Halfway to the equivalence point means we have added half the number of moles of OH- ions required to react completely with HOCl. To find this number of moles, we divide the initial moles of HOCl by 2: Half the moles of OH- ions required = \(\frac{0.0572\, \mathrm{mol}}{2} = 0.0286\, \mathrm{mol}\) Now we have a \((\mathrm{HOCl/OCl^-})\) buffer system, and we can use the Henderson-Hasselbalch equation to calculate the pH: \(pH = pK_a + \log{\left(\frac{[\mathrm{OCl^-}]}{[\mathrm{HOCl}]}\right)}\) We know that: [K_a] for HOCl = \(3.5 \times 10^{-8}\), so \(pK_a = -\log{(3.5 \times 10^{-8})} ≈ 7.46\) Since we are halfway to the equivalence point, the ratio \([\mathrm{OCl^-}]/[\mathrm{HOCl}]\) is \(1\). Hence, the pH at the halfway point is equal to \(pK_a\): \(pH = 7.46\) (c) Calculate the pH at the equivalence point

At the equivalence point, the number of moles of OH- ions added is equal to the number of moles of HOCl: Moles of OH- ions added = \(0.0572\, \mathrm{mol}\) At the equivalence point, all of the HOCl has been converted to its conjugate base OCl-. We are given that the KOH solution has a concentration of \(0.419\, \mathrm{M}\). So, the volume of KOH solution required can be calculated by: \(V_{KOH} = \frac{0.0572\, \mathrm{mol}}{0.419\, \mathrm{M}} = 0.136\, \mathrm{L}\) The total volume of the solution at the equivalence point is the sum of the initial volume of the acid solution and the volume of the base (KOH) solution: \(0.0300\, \mathrm{L} + 0.136\, \mathrm{L} = 0.166\, \mathrm{L}\) Now, we calculate the concentration of OCl- in the solution at the equivalence point: \(\mathrm{[OCl^-]} = \frac{0.0572\, \mathrm{mol}}{0.166\, \mathrm{L}} = 0.344\, \mathrm{M}\) Since all of the HOCl has reacted, we can assume that all of the added OH- ions have also reacted, and we can ignore them in our calculations.
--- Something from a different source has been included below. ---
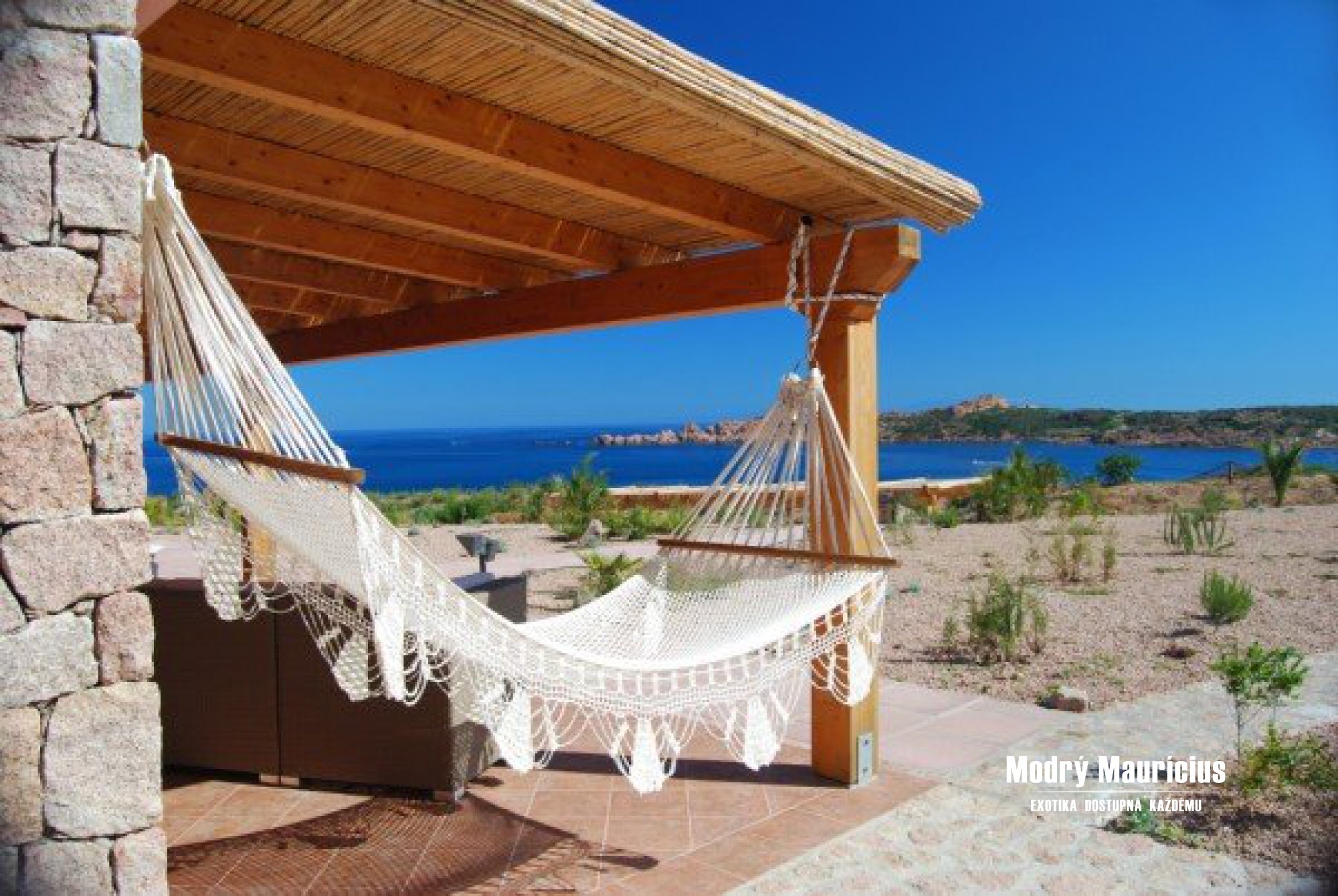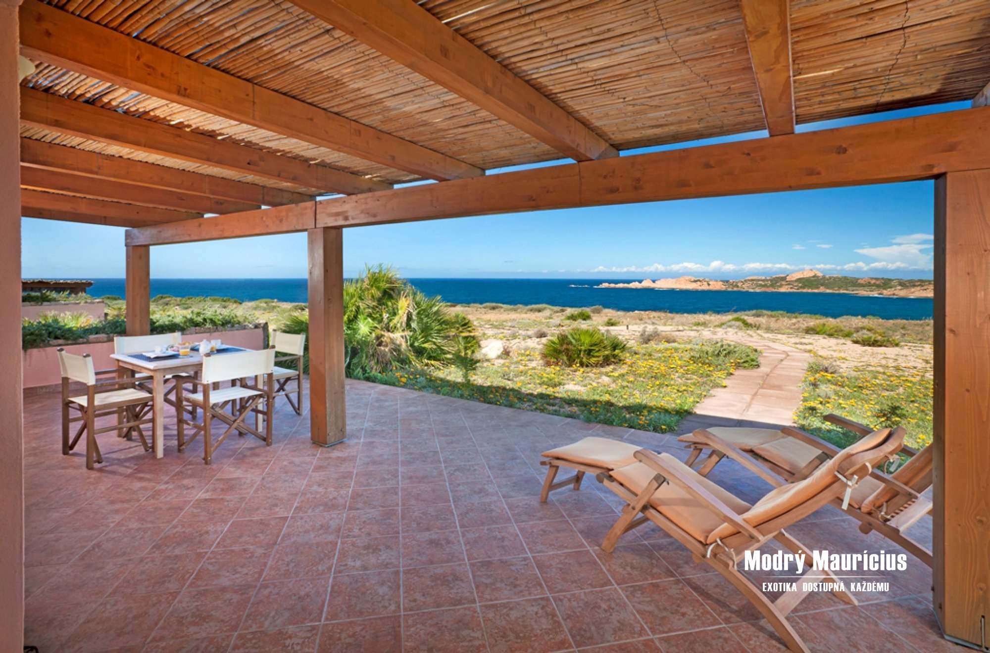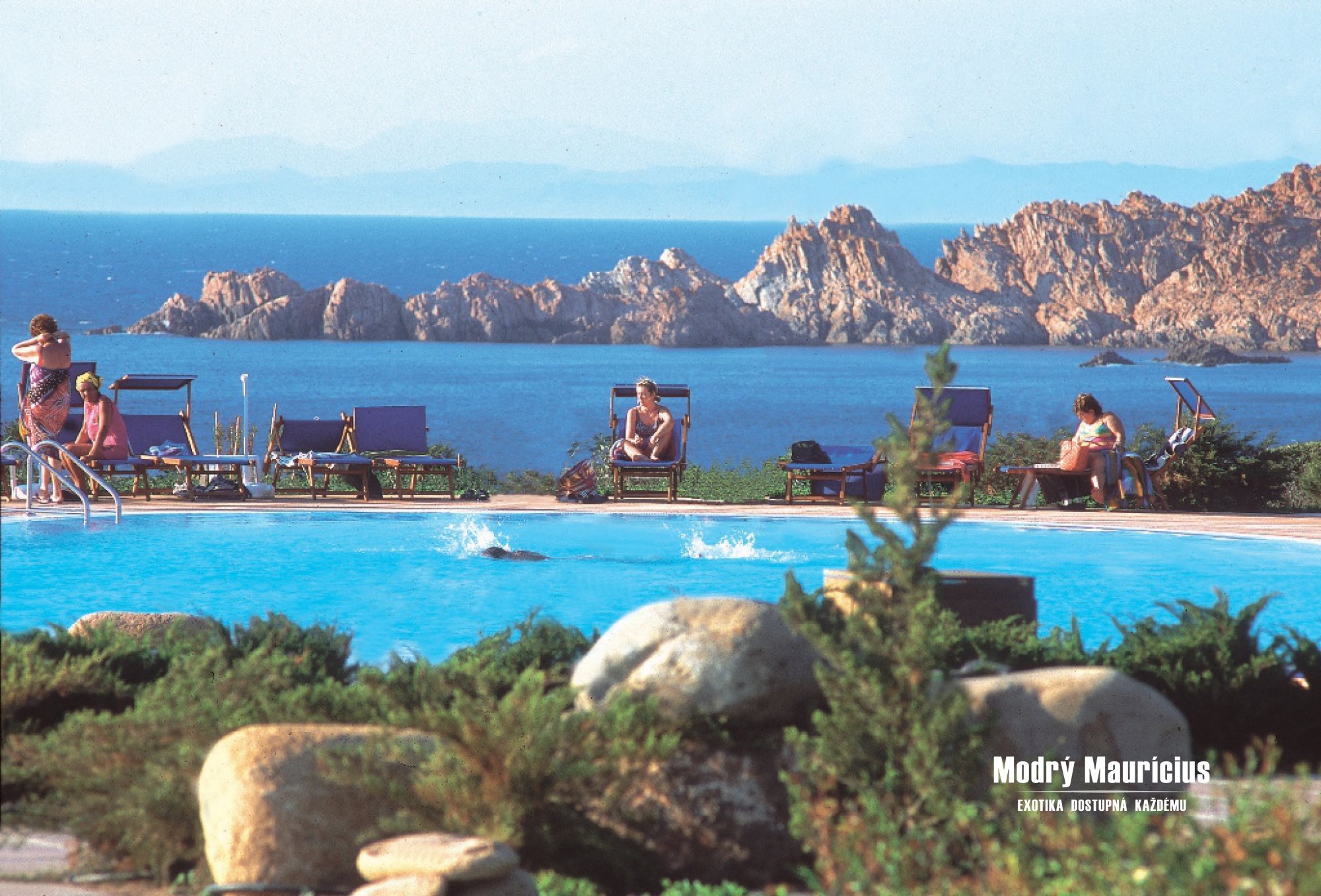 - prostor na útesu se slunečníky

Now, we can find the concentration of OH- ions produced due to the dissociation of OCl- and find the pOH using the expression for \(K_b\). We know that \(K_w = K_a \times K_b\), where \(K_w = 1.00 \times 10^{-14}\) is the ion product constant for water. We calculate \(K_b\) for OCl-: \(K_b = \frac{K_w}{K_a} = \frac{1.00 \times 10^{-14}}{3.5 \times 10^{-8}} = 2.86 \times 10^{-7}\) Solving for the concentration of OH- ions: \(\mathrm{[OH^-]} = \sqrt{K_b \times [\mathrm{OCl^-}]} = \sqrt{(2.86 \times 10^{-7})(0.344)} ≈ 8.37 \times 10^{-5}\, \mathrm{M}\) Finally, we can calculate the pOH and pH of the solution at the equivalence point: \(\mathrm{pOH} = - \log{[\mathrm{OH^-}]} = -\log{(8.37 \times 10^{-5})} ≈ 4.08\) \(\mathrm{pH} = 14 - \mathrm{pOH} = 14 - 4.08 ≈ 9.92\) The pH of the solution (a) before titration is approximately \(4.12\) (b) halfway to the equivalence point is \(7.46\) (c) at the equivalence point is approximately \(9.92\).